Thursday 23 March 2017

Out of Africa

After a morning of heady rain, clear watery light on the newly painted lifeboat house at Mumbles greets the arrival of the kittiwakes to the pier. They won't start nesting for a while, but having them back makes the heart beat a little faster.  Sparkling in clean summer plumage, more than a hundred rest and preen on the iron superstructure ready for the long summer ahead. It's a time of change. Most black-headed gulls have gone, and those that remain have brown heads. Turnstones, still in drab winter garb, roost between tides on the boat slip, but will be off north soon. A brimstone butterfly looking lost, flies over the sea and a bee collects pollen from the stamens of a  crocus flower in a pot by the pier restaurant. 

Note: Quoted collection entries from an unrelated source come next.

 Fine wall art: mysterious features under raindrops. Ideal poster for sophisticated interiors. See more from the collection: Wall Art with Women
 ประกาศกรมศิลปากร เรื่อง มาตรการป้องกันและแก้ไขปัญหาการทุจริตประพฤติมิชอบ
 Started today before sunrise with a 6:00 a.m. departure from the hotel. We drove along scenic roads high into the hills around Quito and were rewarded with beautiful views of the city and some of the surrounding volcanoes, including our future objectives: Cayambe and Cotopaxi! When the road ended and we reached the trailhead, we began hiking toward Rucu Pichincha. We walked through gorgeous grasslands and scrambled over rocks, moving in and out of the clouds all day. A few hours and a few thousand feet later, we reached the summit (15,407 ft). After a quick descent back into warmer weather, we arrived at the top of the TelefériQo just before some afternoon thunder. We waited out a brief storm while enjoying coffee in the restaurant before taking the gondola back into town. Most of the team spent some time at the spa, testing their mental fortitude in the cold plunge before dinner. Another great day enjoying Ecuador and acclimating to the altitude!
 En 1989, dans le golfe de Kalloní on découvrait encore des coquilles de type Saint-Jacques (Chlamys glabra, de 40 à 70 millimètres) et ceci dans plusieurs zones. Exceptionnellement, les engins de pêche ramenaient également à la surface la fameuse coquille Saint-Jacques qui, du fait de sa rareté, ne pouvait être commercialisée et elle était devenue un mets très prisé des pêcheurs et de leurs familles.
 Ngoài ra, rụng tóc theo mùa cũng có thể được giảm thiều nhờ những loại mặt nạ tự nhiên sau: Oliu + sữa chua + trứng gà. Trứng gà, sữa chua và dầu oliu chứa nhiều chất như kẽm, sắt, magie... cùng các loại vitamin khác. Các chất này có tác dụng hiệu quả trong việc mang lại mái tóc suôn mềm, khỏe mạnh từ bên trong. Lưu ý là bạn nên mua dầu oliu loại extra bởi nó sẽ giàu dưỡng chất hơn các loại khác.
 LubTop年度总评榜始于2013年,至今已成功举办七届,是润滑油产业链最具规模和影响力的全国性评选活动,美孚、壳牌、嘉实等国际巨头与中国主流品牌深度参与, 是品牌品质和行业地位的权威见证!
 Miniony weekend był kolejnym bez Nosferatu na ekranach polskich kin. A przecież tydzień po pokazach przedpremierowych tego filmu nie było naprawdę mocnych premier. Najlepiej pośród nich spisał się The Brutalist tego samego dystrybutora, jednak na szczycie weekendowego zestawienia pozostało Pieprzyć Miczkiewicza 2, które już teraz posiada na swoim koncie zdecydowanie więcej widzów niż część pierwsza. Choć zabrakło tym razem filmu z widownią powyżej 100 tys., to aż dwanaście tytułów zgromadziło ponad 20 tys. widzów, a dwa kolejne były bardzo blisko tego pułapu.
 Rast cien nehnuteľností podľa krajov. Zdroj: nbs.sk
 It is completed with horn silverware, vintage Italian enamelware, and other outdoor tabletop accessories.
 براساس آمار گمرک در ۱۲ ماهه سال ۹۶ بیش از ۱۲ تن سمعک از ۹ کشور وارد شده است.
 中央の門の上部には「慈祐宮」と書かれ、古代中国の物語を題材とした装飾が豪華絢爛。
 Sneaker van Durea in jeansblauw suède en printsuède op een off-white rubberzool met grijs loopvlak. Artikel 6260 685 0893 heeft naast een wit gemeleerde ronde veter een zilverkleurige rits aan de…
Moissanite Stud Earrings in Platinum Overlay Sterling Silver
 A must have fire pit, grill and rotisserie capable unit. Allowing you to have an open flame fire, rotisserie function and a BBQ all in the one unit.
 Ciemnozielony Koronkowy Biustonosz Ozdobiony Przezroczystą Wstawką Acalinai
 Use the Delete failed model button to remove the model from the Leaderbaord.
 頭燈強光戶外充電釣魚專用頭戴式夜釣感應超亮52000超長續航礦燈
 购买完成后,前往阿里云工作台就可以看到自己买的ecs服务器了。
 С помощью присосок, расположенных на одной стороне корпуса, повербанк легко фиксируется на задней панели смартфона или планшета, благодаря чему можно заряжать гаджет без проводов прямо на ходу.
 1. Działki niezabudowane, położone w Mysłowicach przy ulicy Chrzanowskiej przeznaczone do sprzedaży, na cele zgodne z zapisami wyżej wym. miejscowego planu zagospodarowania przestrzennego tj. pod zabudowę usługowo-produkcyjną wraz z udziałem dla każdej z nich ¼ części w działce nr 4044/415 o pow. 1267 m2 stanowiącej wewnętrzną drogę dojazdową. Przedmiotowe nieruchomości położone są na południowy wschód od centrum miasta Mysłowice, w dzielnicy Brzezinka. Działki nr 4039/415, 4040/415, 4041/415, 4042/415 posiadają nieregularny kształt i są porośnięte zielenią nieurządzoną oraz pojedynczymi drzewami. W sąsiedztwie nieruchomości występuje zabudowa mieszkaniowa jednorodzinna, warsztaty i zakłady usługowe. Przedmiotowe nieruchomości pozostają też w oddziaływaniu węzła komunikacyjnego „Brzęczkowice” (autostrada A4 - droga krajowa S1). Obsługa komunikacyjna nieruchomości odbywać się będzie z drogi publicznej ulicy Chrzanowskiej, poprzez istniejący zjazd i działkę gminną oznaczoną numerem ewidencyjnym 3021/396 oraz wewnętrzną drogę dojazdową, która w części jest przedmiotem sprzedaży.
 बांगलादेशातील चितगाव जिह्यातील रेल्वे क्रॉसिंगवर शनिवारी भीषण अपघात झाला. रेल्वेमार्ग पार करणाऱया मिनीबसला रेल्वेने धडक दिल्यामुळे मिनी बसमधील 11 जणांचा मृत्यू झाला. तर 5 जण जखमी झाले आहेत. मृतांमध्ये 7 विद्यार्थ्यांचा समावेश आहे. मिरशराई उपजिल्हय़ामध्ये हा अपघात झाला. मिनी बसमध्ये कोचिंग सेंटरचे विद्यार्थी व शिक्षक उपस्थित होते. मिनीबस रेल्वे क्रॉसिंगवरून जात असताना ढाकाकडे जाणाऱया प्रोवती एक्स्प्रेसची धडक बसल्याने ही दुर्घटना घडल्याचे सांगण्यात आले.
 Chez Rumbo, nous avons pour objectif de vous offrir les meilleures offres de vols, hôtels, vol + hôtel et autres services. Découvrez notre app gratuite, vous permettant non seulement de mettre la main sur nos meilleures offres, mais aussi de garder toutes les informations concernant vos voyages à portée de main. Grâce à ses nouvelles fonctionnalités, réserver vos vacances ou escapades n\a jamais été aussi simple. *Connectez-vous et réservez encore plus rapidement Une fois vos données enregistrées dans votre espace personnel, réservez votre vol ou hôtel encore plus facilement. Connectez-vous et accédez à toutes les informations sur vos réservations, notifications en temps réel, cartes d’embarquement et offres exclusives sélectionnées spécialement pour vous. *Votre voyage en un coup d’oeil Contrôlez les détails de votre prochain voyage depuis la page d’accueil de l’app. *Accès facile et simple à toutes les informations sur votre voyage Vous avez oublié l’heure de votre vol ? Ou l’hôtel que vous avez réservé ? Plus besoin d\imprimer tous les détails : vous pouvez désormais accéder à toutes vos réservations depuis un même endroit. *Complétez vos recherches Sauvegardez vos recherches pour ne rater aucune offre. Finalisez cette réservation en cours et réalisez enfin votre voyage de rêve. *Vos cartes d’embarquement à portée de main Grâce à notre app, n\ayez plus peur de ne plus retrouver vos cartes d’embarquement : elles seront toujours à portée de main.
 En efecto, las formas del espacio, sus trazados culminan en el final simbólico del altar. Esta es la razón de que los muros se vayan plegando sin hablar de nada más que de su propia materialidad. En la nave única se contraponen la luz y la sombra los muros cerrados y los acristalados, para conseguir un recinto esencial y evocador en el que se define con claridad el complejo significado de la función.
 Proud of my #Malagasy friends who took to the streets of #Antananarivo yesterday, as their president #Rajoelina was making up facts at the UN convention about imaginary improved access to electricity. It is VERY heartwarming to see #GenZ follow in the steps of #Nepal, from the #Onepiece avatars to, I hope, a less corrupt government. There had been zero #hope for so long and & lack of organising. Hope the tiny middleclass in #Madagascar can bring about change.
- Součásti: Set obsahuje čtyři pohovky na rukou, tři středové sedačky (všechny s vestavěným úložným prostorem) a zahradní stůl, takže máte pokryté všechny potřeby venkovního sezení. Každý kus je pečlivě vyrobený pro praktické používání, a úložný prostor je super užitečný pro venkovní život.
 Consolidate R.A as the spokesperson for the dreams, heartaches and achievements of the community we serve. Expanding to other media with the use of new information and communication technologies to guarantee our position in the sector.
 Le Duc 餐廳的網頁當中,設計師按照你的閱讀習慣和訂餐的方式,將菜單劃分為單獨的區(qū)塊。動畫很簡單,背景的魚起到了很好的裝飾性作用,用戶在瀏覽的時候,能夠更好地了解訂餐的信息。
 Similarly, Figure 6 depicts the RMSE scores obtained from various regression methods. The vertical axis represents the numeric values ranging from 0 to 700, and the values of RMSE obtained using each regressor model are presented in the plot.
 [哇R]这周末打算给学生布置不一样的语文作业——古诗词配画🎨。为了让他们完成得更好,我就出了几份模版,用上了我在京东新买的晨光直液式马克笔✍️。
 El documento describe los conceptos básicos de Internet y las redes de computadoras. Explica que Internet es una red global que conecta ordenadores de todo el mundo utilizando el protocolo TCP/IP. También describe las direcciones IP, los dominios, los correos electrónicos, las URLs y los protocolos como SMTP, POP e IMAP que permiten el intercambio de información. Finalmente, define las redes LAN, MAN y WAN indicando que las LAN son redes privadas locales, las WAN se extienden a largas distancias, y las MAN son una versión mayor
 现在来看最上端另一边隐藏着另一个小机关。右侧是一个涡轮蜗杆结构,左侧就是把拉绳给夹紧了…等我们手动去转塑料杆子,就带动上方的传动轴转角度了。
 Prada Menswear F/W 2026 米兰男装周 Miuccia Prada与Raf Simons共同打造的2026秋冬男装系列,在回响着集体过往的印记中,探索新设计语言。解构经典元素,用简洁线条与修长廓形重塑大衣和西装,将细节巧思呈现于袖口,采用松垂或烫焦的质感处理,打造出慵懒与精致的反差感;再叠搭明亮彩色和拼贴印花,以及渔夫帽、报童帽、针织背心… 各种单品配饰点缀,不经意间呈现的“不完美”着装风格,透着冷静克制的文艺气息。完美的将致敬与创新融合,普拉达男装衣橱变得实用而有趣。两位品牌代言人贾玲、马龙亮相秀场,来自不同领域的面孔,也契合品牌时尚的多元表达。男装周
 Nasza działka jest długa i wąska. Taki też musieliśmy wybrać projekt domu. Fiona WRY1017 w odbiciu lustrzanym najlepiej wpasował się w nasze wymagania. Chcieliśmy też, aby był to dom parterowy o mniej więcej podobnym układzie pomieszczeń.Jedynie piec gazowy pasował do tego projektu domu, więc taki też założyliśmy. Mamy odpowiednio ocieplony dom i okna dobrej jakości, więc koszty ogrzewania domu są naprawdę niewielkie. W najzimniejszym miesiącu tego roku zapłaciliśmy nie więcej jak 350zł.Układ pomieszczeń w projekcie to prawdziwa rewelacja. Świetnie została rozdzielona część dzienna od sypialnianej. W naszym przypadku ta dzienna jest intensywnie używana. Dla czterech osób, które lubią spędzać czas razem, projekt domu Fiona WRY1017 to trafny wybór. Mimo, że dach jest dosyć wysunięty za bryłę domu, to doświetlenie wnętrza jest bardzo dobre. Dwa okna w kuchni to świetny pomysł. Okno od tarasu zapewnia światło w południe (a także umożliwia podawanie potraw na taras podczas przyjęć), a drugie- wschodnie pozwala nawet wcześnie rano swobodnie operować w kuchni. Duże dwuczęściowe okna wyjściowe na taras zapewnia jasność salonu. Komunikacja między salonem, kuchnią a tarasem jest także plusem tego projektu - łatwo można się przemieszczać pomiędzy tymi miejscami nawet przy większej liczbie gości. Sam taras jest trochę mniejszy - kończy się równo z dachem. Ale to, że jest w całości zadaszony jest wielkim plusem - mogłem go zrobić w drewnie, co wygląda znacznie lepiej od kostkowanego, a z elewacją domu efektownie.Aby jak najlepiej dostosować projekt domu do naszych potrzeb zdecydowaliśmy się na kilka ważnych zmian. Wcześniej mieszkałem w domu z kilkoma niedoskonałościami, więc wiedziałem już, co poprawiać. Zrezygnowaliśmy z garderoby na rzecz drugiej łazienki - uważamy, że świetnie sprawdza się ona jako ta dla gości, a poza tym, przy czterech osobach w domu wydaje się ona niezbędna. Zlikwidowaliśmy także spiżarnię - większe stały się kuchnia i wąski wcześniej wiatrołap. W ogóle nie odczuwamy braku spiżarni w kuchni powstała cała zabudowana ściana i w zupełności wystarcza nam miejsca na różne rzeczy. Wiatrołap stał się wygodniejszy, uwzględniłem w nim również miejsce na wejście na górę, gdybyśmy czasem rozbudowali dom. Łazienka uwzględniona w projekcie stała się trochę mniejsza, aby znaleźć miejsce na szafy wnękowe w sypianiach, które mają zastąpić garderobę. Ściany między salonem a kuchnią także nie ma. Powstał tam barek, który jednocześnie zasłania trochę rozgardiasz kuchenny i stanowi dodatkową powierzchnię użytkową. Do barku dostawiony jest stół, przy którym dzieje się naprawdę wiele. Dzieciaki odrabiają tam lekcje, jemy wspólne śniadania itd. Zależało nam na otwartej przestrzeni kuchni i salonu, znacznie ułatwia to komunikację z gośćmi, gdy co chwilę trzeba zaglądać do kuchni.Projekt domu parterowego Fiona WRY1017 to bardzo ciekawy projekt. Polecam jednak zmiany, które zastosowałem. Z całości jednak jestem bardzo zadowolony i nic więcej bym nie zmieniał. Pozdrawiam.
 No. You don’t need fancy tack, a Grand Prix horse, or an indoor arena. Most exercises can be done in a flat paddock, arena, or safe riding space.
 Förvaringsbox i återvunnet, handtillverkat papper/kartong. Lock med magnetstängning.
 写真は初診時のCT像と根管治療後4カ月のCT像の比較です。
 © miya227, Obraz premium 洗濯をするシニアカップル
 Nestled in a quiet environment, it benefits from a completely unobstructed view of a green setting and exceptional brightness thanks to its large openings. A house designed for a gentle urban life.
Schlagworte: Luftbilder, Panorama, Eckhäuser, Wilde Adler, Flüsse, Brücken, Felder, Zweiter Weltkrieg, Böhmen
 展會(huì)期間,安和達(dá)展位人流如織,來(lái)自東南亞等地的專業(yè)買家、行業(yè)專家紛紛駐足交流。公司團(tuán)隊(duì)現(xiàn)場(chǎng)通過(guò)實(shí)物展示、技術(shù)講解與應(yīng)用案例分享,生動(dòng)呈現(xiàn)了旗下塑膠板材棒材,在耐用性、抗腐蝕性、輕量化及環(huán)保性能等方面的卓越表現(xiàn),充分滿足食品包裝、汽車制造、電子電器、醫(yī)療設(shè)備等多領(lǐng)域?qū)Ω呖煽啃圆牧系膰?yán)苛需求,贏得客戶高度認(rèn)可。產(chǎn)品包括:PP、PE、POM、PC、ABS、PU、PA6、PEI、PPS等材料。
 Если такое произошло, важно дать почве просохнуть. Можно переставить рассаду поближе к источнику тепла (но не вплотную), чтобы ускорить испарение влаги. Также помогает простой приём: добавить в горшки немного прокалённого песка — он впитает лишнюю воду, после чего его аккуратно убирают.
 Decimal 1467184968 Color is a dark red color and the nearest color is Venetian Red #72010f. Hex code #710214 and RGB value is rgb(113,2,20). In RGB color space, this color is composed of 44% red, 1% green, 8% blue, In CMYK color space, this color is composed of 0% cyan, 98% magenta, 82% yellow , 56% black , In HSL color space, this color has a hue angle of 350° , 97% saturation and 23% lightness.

There are millions of birds moving out of Africa at present, and the headland by the lighthouse is a first landing on Gower from across the Bristol Channel for a male wheatear. They're arriving in good numbers now, but I hear disturbing news of this smart trans-Saharen migrant. The BTO reports that Wales has lost at least a quarter of its breeding wheatears in the last 15 years, and there have been significant reductions in Scotland.  This first wave of arrivals will be followed by the larger Greenland race, these true long distant travellers migrating a full 5,000 miles. The plight of wheatears is not unique; many of our small summer visitors are also in serious decline, and the reasons are complicated.